Data listing:

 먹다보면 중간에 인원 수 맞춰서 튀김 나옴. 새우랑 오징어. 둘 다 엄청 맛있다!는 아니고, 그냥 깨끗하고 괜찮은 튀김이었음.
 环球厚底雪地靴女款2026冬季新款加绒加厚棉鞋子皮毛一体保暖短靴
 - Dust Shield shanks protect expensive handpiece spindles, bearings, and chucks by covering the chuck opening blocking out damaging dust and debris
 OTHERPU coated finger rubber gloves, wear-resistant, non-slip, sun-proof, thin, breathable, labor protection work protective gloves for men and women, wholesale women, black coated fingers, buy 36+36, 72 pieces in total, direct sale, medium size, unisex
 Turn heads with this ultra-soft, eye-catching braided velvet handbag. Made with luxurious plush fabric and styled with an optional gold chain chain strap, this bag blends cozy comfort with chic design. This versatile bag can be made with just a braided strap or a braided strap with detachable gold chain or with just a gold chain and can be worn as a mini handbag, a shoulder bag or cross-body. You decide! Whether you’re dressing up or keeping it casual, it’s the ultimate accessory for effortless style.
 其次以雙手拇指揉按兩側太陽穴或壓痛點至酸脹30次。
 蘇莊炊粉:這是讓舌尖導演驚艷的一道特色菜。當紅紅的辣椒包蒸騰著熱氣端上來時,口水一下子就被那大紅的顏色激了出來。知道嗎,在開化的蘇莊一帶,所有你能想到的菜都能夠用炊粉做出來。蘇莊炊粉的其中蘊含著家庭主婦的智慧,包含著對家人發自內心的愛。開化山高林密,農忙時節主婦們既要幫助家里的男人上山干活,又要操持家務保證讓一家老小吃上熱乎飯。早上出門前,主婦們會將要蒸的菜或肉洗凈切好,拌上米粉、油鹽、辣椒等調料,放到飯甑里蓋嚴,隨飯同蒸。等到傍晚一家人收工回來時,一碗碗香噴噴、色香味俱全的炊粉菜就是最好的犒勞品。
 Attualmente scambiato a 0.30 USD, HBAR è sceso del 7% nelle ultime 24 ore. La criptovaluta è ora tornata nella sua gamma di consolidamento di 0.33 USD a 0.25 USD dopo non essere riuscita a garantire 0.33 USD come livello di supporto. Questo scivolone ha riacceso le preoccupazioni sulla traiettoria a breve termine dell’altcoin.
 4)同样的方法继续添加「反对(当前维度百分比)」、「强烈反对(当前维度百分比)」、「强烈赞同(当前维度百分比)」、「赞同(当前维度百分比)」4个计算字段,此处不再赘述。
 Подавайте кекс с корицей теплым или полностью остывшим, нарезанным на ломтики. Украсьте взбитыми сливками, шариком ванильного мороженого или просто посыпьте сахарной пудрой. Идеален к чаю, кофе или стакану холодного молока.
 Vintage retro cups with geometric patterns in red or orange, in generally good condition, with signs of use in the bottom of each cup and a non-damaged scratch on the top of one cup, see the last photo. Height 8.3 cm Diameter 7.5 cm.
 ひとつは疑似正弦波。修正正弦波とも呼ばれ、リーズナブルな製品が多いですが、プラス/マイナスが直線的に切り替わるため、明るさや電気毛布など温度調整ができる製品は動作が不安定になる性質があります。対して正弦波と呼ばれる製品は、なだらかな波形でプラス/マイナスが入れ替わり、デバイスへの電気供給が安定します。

Work task: Scan the listing for the word "with". Copy every line in which it appears.

Response to the exercise:
 Turn heads with this ultra-soft, eye-catching braided velvet handbag. Made with luxurious plush fabric and styled with an optional gold chain chain strap, this bag blends cozy comfort with chic design. This versatile bag can be made with just a braided strap or a braided strap with detachable gold chain or with just a gold chain and can be worn as a mini handbag, a shoulder bag or cross-body. You decide! Whether you’re dressing up or keeping it casual, it’s the ultimate accessory for effortless style.
 Vintage retro cups with geometric patterns in red or orange, in generally good condition, with signs of use in the bottom of each cup and a non-damaged scratch on the top of one cup, see the last photo. Height 8.3 cm Diameter 7.5 cm.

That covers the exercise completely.